> [Prompt]: Two lines below mark the span: the one containing "Полиэстеровая олимпийка в" and the one containing "A Stellantis anunciou". Set down both, plus every line between, exactly as they stand, and nothing else.
============
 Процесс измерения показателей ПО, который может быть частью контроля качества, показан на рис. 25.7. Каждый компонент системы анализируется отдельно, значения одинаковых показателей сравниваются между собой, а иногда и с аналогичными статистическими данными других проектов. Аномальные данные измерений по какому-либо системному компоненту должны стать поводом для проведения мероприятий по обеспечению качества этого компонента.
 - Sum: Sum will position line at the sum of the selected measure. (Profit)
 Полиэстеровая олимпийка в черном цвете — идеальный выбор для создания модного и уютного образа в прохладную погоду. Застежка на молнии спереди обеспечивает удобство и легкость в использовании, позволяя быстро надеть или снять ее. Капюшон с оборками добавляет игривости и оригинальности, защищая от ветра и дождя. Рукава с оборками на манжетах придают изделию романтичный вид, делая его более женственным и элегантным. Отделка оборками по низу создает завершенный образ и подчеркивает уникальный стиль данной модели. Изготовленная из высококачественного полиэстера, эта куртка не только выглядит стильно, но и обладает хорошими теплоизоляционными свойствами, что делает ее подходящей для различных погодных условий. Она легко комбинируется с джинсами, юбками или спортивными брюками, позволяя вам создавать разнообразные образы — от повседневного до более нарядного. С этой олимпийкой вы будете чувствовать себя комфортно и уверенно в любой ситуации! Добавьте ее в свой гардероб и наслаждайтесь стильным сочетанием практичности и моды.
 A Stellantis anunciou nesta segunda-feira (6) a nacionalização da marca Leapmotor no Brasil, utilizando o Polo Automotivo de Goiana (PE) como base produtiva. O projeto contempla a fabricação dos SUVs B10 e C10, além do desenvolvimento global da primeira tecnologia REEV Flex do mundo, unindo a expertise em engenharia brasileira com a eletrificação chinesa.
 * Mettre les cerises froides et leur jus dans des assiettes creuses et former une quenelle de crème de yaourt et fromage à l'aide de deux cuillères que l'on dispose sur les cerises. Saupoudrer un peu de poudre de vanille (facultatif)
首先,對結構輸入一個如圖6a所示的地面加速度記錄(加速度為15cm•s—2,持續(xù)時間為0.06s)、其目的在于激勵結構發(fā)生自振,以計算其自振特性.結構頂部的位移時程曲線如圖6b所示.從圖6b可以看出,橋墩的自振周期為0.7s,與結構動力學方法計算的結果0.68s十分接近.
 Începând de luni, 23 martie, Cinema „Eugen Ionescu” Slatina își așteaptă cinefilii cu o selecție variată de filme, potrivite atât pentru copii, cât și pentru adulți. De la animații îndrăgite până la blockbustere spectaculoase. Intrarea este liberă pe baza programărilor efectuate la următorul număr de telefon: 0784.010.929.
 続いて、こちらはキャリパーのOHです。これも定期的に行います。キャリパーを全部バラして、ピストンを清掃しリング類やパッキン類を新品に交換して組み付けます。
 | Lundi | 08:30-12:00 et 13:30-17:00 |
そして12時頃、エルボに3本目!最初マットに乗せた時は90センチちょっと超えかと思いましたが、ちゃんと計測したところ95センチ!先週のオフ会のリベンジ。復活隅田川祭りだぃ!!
============
> [Result below]:
 Полиэстеровая олимпийка в черном цвете — идеальный выбор для создания модного и уютного образа в прохладную погоду. Застежка на молнии спереди обеспечивает удобство и легкость в использовании, позволяя быстро надеть или снять ее. Капюшон с оборками добавляет игривости и оригинальности, защищая от ветра и дождя. Рукава с оборками на манжетах придают изделию романтичный вид, делая его более женственным и элегантным. Отделка оборками по низу создает завершенный образ и подчеркивает уникальный стиль данной модели. Изготовленная из высококачественного полиэстера, эта куртка не только выглядит стильно, но и обладает хорошими теплоизоляционными свойствами, что делает ее подходящей для различных погодных условий. Она легко комбинируется с джинсами, юбками или спортивными брюками, позволяя вам создавать разнообразные образы — от повседневного до более нарядного. С этой олимпийкой вы будете чувствовать себя комфортно и уверенно в любой ситуации! Добавьте ее в свой гардероб и наслаждайтесь стильным сочетанием практичности и моды.
 A Stellantis anunciou nesta segunda-feira (6) a nacionalização da marca Leapmotor no Brasil, utilizando o Polo Automotivo de Goiana (PE) como base produtiva. O projeto contempla a fabricação dos SUVs B10 e C10, além do desenvolvimento global da primeira tecnologia REEV Flex do mundo, unindo a expertise em engenharia brasileira com a eletrificação chinesa.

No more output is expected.